▶ **Your objective**
Range to repeat from the listing below: the line containing "A negociação pode" down to the line containing "测试了下友商的GPU加速功能", both included. Copy it exactly, pictures excluded, and add nothing else.

START Data to examine

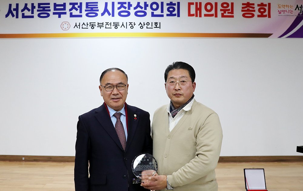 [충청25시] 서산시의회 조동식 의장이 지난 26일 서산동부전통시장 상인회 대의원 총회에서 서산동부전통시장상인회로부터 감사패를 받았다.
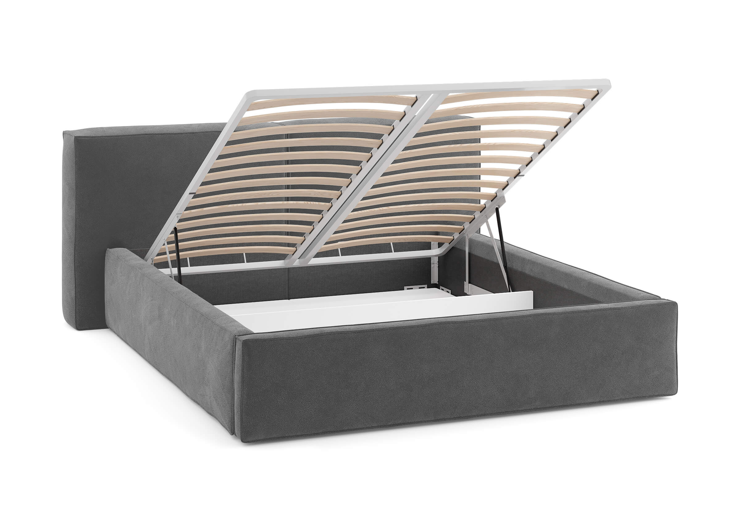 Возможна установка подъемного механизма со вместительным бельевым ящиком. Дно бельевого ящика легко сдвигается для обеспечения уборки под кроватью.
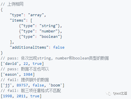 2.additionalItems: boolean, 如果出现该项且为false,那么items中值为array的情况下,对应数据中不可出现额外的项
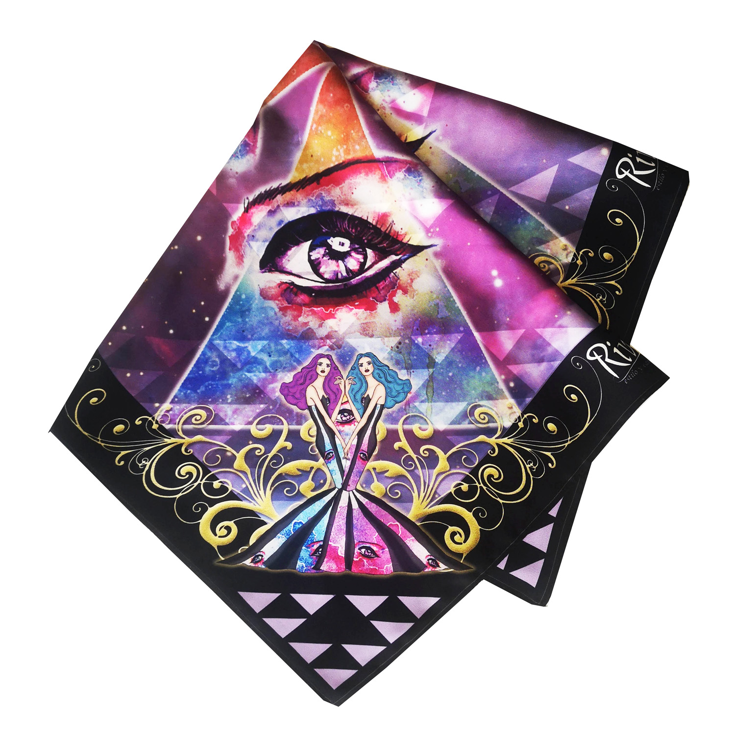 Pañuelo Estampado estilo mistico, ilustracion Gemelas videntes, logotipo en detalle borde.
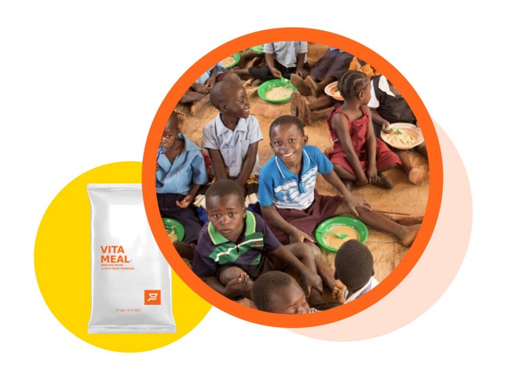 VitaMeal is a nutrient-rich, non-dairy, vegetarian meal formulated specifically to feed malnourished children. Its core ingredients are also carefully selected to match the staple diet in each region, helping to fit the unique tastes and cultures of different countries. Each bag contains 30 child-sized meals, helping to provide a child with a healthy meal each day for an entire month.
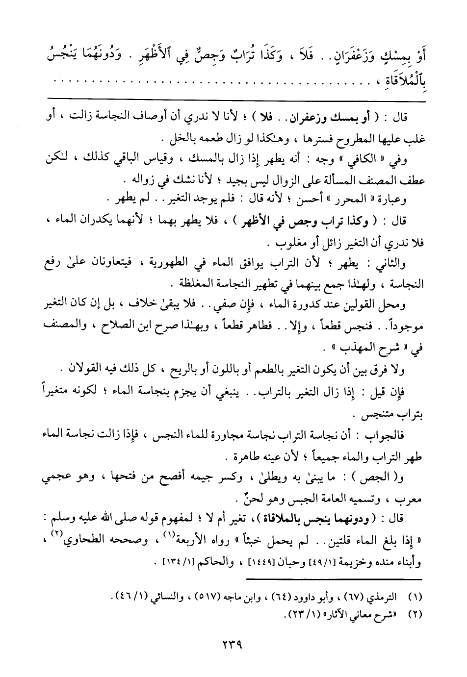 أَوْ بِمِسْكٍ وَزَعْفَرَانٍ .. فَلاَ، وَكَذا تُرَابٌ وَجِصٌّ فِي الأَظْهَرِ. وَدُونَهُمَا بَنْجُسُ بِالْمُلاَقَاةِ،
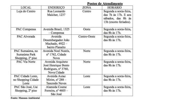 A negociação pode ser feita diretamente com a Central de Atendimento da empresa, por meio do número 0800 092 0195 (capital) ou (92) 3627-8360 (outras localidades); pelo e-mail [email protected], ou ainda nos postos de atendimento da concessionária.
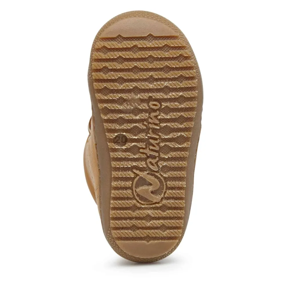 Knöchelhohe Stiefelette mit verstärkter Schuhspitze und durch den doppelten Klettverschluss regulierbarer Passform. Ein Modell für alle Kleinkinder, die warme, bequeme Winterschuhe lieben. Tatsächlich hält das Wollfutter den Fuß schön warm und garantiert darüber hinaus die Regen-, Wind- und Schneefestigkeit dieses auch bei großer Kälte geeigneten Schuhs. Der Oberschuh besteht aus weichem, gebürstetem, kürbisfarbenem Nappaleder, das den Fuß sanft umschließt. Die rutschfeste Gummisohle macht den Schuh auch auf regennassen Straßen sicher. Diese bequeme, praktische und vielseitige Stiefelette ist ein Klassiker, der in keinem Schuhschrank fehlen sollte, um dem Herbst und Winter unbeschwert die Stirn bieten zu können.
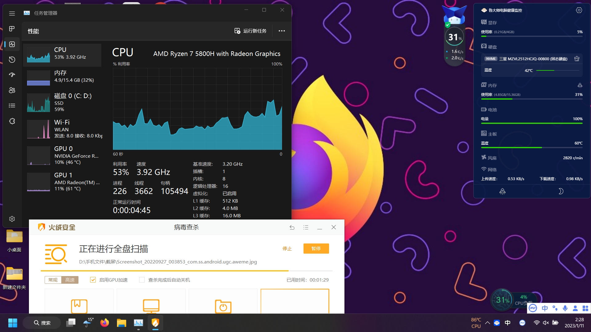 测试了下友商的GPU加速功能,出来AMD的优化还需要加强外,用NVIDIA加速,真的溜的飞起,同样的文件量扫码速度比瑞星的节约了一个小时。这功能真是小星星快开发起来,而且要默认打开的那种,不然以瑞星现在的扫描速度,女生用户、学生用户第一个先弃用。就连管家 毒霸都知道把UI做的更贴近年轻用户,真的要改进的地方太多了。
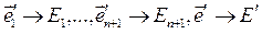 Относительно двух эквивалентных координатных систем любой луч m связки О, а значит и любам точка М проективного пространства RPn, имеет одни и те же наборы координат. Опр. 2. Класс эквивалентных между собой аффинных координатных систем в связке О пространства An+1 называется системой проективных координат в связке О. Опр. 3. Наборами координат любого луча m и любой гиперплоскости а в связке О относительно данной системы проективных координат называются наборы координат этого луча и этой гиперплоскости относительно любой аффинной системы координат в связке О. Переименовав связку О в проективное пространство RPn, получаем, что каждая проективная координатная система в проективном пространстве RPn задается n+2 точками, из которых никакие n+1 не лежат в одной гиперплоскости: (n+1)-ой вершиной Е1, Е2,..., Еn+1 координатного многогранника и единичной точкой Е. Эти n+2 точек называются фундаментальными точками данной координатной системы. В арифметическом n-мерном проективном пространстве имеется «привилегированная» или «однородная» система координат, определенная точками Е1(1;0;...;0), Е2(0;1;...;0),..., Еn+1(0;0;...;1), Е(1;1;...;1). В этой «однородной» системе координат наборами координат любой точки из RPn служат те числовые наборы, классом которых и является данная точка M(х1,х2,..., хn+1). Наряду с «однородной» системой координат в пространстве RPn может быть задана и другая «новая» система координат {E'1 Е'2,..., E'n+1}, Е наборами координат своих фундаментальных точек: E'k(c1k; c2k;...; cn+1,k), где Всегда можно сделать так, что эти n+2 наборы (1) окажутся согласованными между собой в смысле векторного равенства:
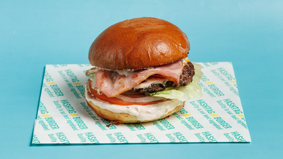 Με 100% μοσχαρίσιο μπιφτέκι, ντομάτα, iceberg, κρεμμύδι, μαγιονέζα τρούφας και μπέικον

END Data to examine

▶ **Written answer**
 A negociação pode ser feita diretamente com a Central de Atendimento da empresa, por meio do número 0800 092 0195 (capital) ou (92) 3627-8360 (outras localidades); pelo e-mail [email protected], ou ainda nos postos de atendimento da concessionária.
 Knöchelhohe Stiefelette mit verstärkter Schuhspitze und durch den doppelten Klettverschluss regulierbarer Passform. Ein Modell für alle Kleinkinder, die warme, bequeme Winterschuhe lieben. Tatsächlich hält das Wollfutter den Fuß schön warm und garantiert darüber hinaus die Regen-, Wind- und Schneefestigkeit dieses auch bei großer Kälte geeigneten Schuhs. Der Oberschuh besteht aus weichem, gebürstetem, kürbisfarbenem Nappaleder, das den Fuß sanft umschließt. Die rutschfeste Gummisohle macht den Schuh auch auf regennassen Straßen sicher. Diese bequeme, praktische und vielseitige Stiefelette ist ein Klassiker, der in keinem Schuhschrank fehlen sollte, um dem Herbst und Winter unbeschwert die Stirn bieten zu können.
 测试了下友商的GPU加速功能,出来AMD的优化还需要加强外,用NVIDIA加速,真的溜的飞起,同样的文件量扫码速度比瑞星的节约了一个小时。这功能真是小星星快开发起来,而且要默认打开的那种,不然以瑞星现在的扫描速度,女生用户、学生用户第一个先弃用。就连管家 毒霸都知道把UI做的更贴近年轻用户,真的要改进的地方太多了。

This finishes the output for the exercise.